● Task instructions
Your task is to give the listing below back word for word, pictures excluded.

● Collected data

Segment Open

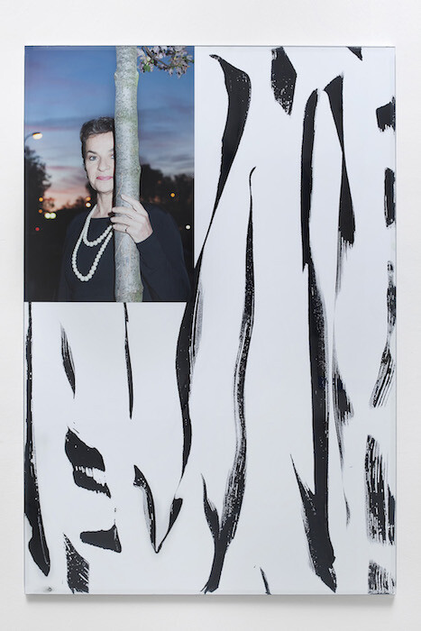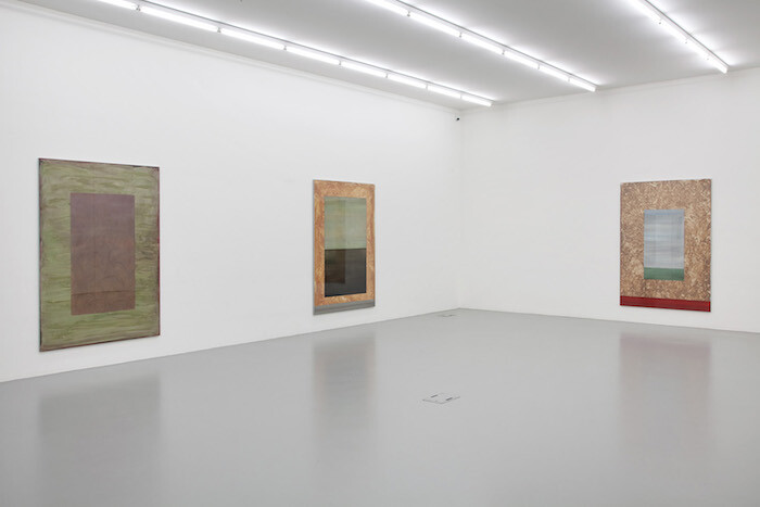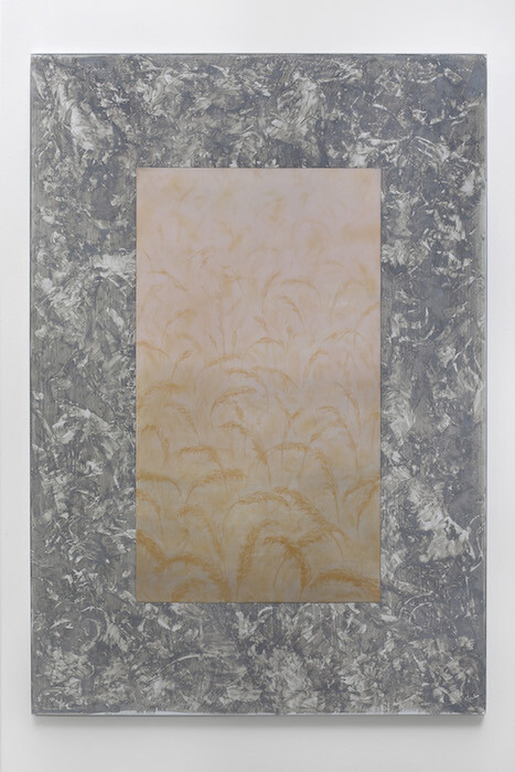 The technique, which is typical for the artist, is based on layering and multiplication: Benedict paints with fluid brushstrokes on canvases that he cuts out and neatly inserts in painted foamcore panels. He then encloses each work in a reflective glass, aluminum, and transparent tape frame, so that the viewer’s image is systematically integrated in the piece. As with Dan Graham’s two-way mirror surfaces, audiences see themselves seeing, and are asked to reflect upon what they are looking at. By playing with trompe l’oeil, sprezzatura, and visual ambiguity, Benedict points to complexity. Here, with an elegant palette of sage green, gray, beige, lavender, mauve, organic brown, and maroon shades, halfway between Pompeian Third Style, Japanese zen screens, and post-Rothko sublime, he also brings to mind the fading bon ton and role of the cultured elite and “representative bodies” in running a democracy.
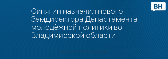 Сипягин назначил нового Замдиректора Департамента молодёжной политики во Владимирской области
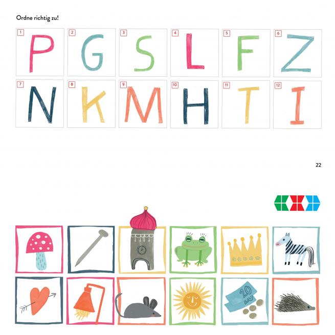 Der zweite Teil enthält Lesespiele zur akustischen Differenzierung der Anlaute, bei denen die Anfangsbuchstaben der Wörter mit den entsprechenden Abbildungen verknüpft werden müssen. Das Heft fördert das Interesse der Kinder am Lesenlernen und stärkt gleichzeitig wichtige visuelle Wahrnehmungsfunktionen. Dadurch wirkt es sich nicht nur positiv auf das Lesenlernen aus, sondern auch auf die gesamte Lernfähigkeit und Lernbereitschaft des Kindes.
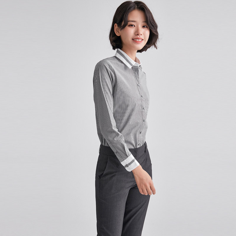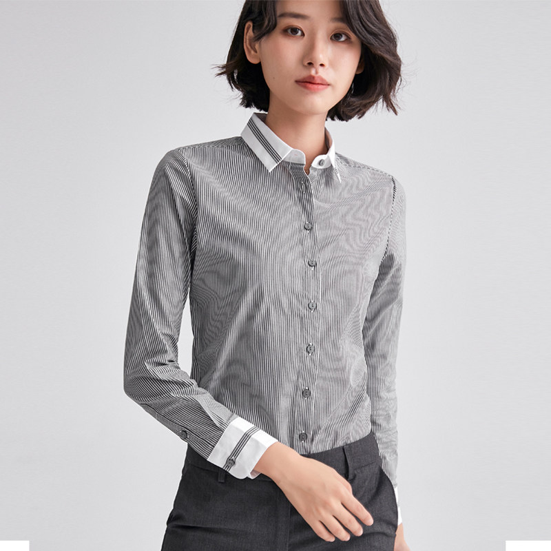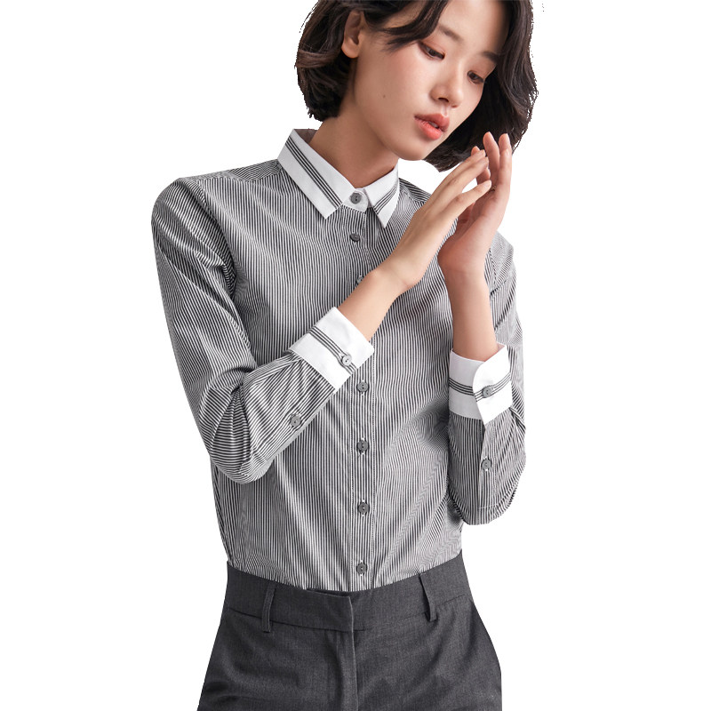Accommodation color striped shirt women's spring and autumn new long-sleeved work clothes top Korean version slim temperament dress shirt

Segment Closed

● Response box
 The technique, which is typical for the artist, is based on layering and multiplication: Benedict paints with fluid brushstrokes on canvases that he cuts out and neatly inserts in painted foamcore panels. He then encloses each work in a reflective glass, aluminum, and transparent tape frame, so that the viewer’s image is systematically integrated in the piece. As with Dan Graham’s two-way mirror surfaces, audiences see themselves seeing, and are asked to reflect upon what they are looking at. By playing with trompe l’oeil, sprezzatura, and visual ambiguity, Benedict points to complexity. Here, with an elegant palette of sage green, gray, beige, lavender, mauve, organic brown, and maroon shades, halfway between Pompeian Third Style, Japanese zen screens, and post-Rothko sublime, he also brings to mind the fading bon ton and role of the cultured elite and “representative bodies” in running a democracy.
 Сипягин назначил нового Замдиректора Департамента молодёжной политики во Владимирской области
 Der zweite Teil enthält Lesespiele zur akustischen Differenzierung der Anlaute, bei denen die Anfangsbuchstaben der Wörter mit den entsprechenden Abbildungen verknüpft werden müssen. Das Heft fördert das Interesse der Kinder am Lesenlernen und stärkt gleichzeitig wichtige visuelle Wahrnehmungsfunktionen. Dadurch wirkt es sich nicht nur positiv auf das Lesenlernen aus, sondern auch auf die gesamte Lernfähigkeit und Lernbereitschaft des Kindes.
Accommodation color striped shirt women's spring and autumn new long-sleeved work clothes top Korean version slim temperament dress shirt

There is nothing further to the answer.